Df Sum Sq Mean Sq F value Pr(>F)
Index 2 0.0000 1.895e-05 0.095 0.909
Residuals 3846 0.7682 1.997e-04
Interpretation: If p-value < 0.05, we reject the null hypothesis and conclude that mean returns differ across sectors.
# Reshape returns to wide format
returns_wide <- sector_returns %>%
select(Date, Index, Return) %>%
pivot_wider(names_from = Index, values_from = Return)
# Correlation matrix
cor_matrix <- cor(returns_wide %>% select(-Date), use = "complete.obs")
# Correlation plot
corrplot(cor_matrix, method = "color", type = "upper",
addCoef.col = "black", tl.cex = 0.8, number.cex = 0.7,
title = "Correlation Between Sector Returns", mar = c(0,0,1,0))

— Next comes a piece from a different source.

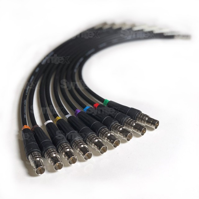 Sada káblov je vyhotovená z kvalitného, flexibilného koaxiálneho kábla, DIN 1.0/2.3 a BNC (samica) konektorov od Japonského výrobcu Canare.

Interpretation: Positive correlations imply that sectors often move together. Banking and IT sectors show moderate correlation.
Call:
lm(formula = NIFTY_BANK ~ NIFTY_IT + NIFTY_FMCG, data = returns_wide)
Residuals:
Min 1Q Median 3Q Max
-0.083107 -0.006657 -0.000179 0.006313 0.069545
Coefficients:
Estimate Std. Error t value Pr(>|t|)
(Intercept) -5.336e-05 3.708e-04 -0.144 0.886
NIFTY_IT 2.890e-01 2.798e-02 10.329 <2e-16 ***
NIFTY_FMCG 5.722e-01 3.930e-02 14.559 <2e-16 ***
---
Signif. codes: 0 '***' 0.001 '**' 0.01 '*' 0.05 '.' 0.1 ' ' 1
Residual standard error: 0.0132 on 1268 degrees of freedom
(18 observations deleted due to missingness)

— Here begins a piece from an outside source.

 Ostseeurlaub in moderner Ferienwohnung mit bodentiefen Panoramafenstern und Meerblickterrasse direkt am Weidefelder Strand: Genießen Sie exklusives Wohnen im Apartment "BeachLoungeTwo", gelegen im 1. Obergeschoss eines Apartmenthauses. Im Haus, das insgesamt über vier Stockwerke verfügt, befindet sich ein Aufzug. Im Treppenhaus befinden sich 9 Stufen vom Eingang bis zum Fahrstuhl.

Multiple R-squared: 0.3215, Adjusted R-squared: 0.3205
F-statistic: 300.5 on 2 and 1268 DF, p-value: < 2.2e-16
Interpretation: - Coefficients tell us how much Bank returns change with IT and FMCG. - If p-values < 0.05, predictors are significant. - Adjusted R-squared shows goodness of fit.

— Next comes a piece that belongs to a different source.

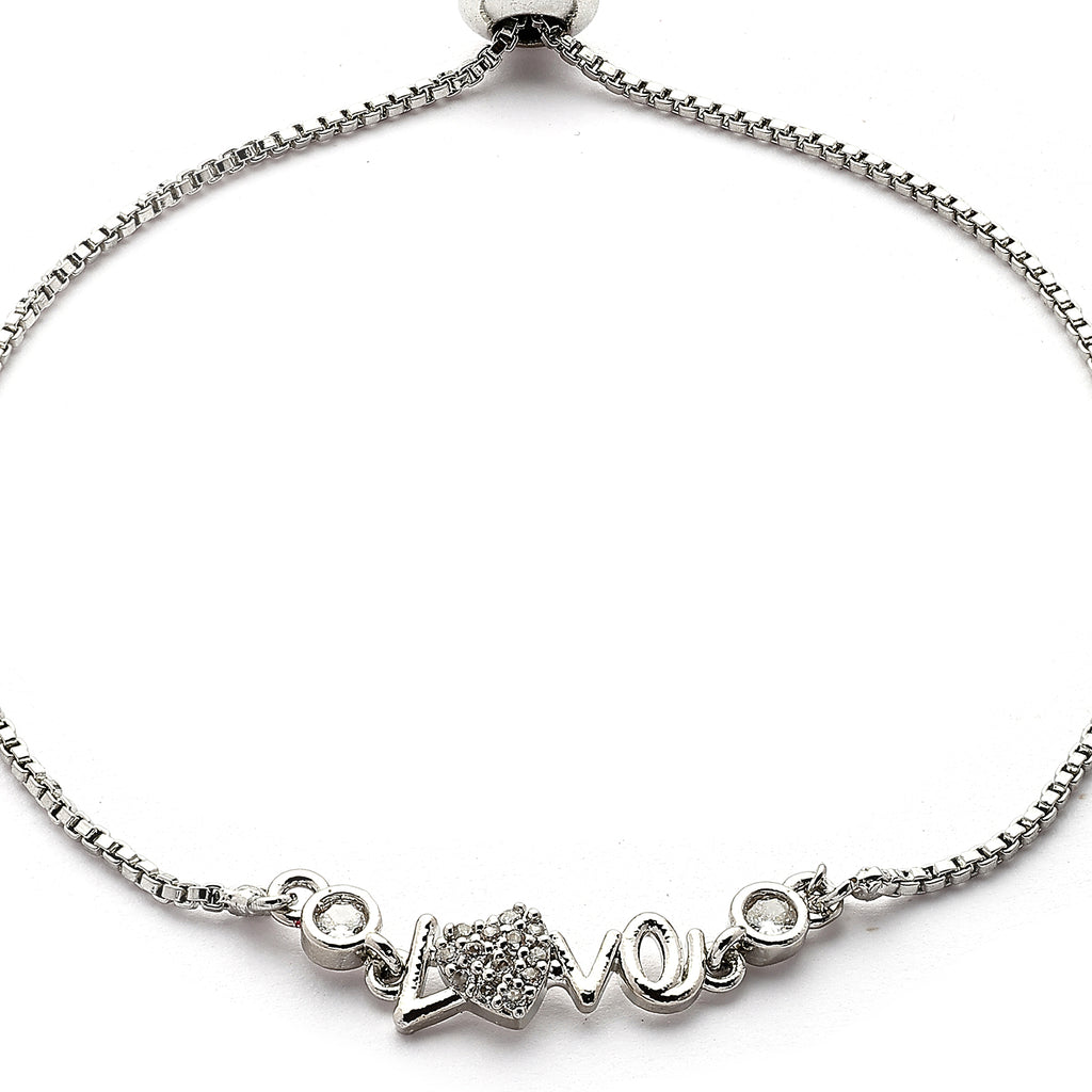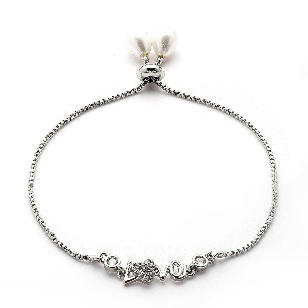 Elegant Design: This rhodium-plated wraparound bracelet showcases sparkling white Cubic Zirconia in a love shape, adding a touch of sophistication to your look.

Summary: - All sectors have shown an overall upward trend. - Returns are not perfectly normal. - There are significant differences in sector returns. - Sector returns are moderately correlated. - IT and FMCG sector returns are useful predictors of Bank sector returns.
Conclusion: Investors can use sector correlations and predictive models for portfolio diversification and risk management.